NURETTİN CANİKLİ (Giresun) - Kaçmıyoruz.
OKTAY VURAL (Devamla) - Esnafın sorununu, çiftçinin sorununu, atanamayan öğretmenlerin sorunlarını buraya, dile getiren milletimiz bu sorulara cevap verilmesini istiyor. Size de bir fırsat sunuyor. Aslında Hükûmet bunu bir fırsat olarak değerlendirmeli ve cesaretle bu soruları cevaplandırmalıdır.
NURETTİN CANİKLİ (Giresun) - Bakanımız bekliyor şimdi.
OKTAY VURAL (Devamla) - 30 tane soruyu cevaplandıracaksınız, 1.227? Her hafta zaten onlarca soru geliyor. Bu gidişle Halley kuyruklu yıldızının dünyaya en yakın geçtiği bir süre içerisinde ancak milletvekilimizin sorusuna cevap vereceksiniz. Ondan sonra da zaten önemi de geçiyor. Soruların önemli bir kısmı günlüktür ve bunların, bu gündemle ilgili soruların da o günde cevaplandırılması gerekir.

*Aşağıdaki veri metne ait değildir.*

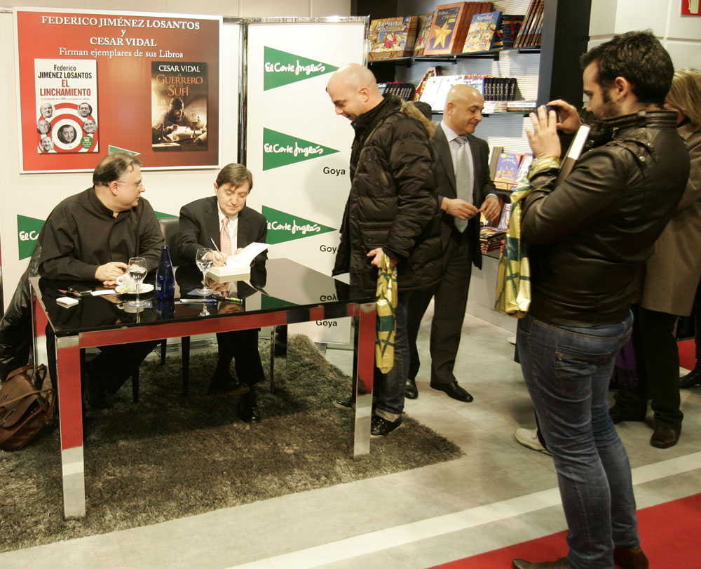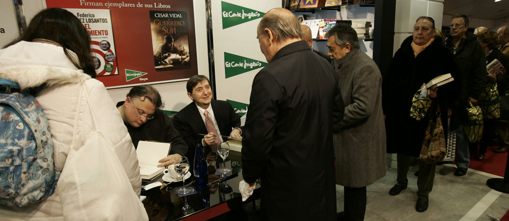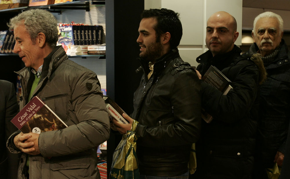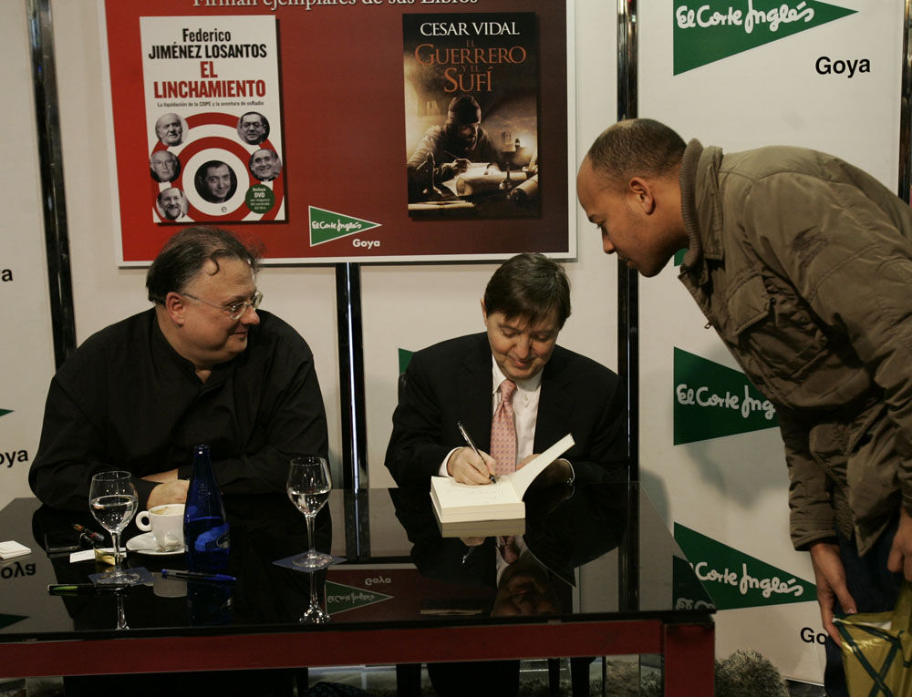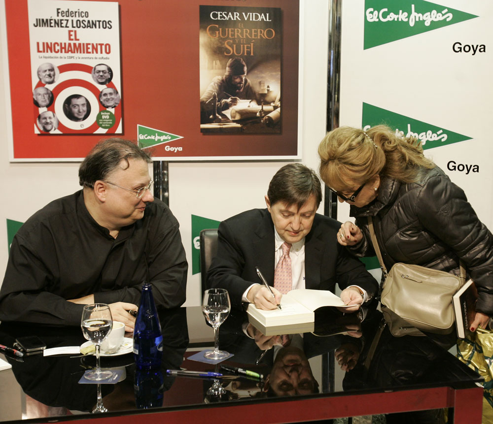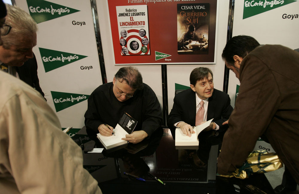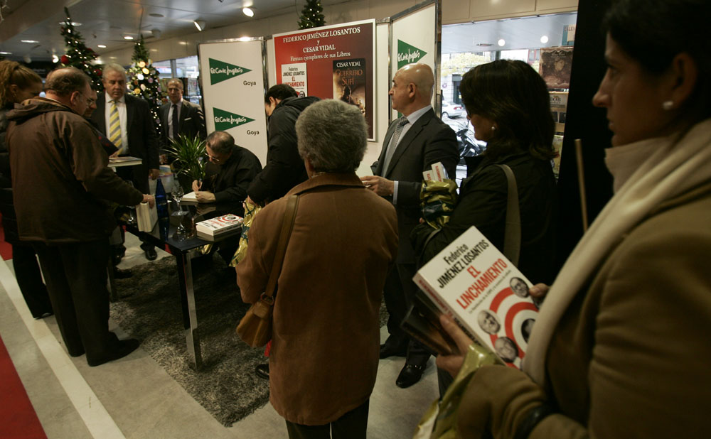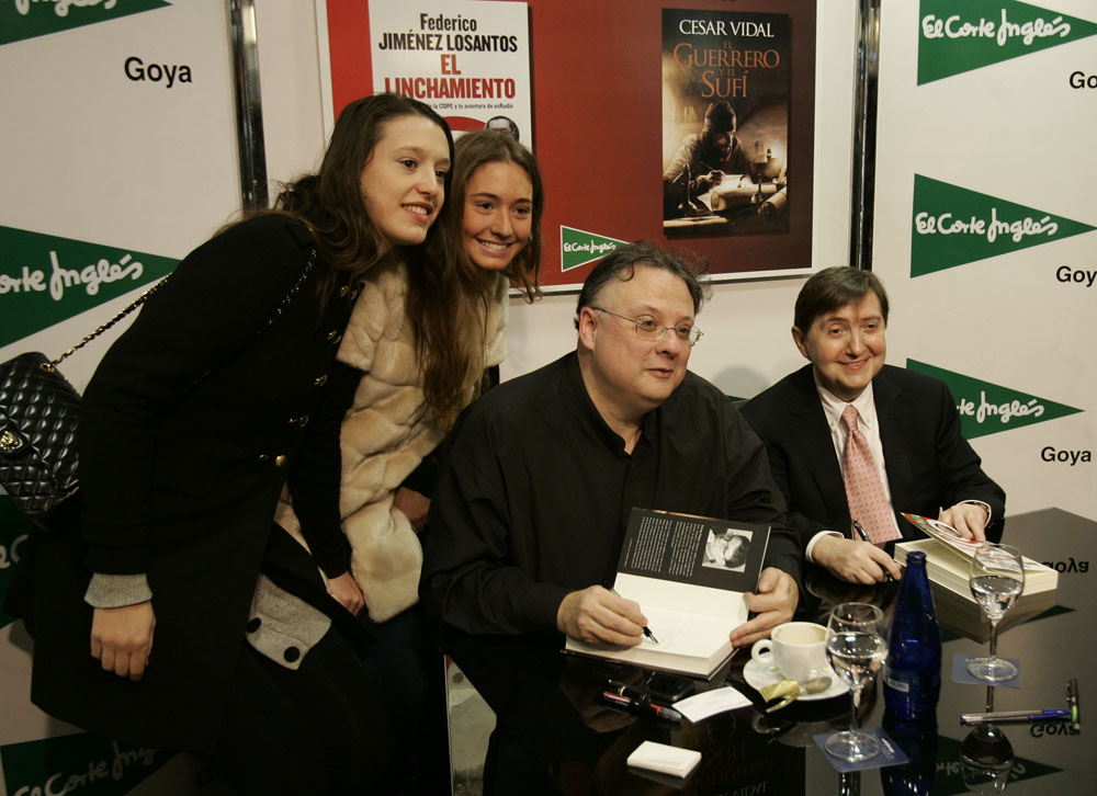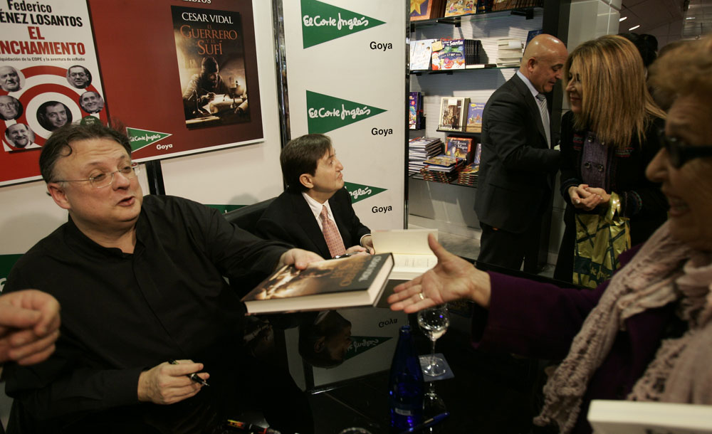 Minutos antes de que comenzara la firma de libros de Federico Jiménez Losantos y César Vidal en El Corte Inglés de Goya este sábado, la puerta del centro comercial estaba llena de gente. Provistos con los nuevo libro de Federico Jiménez Losantos (El Linchamiento -La Esfera de los Libros- )y de César Vidal (El guerrero y el sufí -Grijalbo-), esperaban pacientes a que comenzara la firma de libros.

Buradan bir başka konuyu bu vesileyle dile getirmek istiyorum açıkçası. Açık bir çağrım var iktidar partisine: Bakın, Türkiye'nin Suriye politikasını, yabancı merkezlerde değil, Parlamentoda gelin tartışalım; ne oluyor ne bitiyor, bunları değerlendirelim. Elinizi vicdanınıza koyun, bu konuda, gazete haberleriyle dış politika konusunda milletimizin ve milletvekillerimizin bilgilendirildiği bir dönemi yaşıyoruz. Bu, hâkimiyet kayıtsız şartsız milletindir ve aynı zamanda bağımsızlık ilkemize de aykırıdır. Başka merkezlerde oluşturulmuş planların, projelerin güdümünde, yapılan görüşmelerin güdümünde hazırlanmış günübirlik açıklamalarla, karşılıklı telefonlaşmalarla yapılan bir dış politikanın millîliği tartışılır. O bakımdan, Suriye konusunu, gelin, burada bir genel görüşmeyle değerlendirelim. Bu milletin hakkıdır, ne oluyor ne bitiyor...
NURETTİN CANİKLİ (Giresun) - Hepsi Ankara'da planlanıyor.
OKTAY VURAL (Devamla) - Bakın, size bir örnek vereyim? Öyle şey olmaz; bu milletin milletvekilleri sadece parmak kaldıran milletvekili değildir.
NURETTİN CANİKLİ (Giresun) - Öyle değiliz zaten.
OKTAY VURAL (Devamla) - Uygulanan dış politikanın bu milletin menfaatine olup olmadığına ilişkin sorgulamayı ben yaparım, sizler de vicdanlarınızla karar verirsiniz ama müsaade edin de Suriye'deki gelişmeleri Washington merkezli, Clinton merkezli, Obama merkezli politikalarla buraya getirip empoze ettirmenize izin veremeyiz.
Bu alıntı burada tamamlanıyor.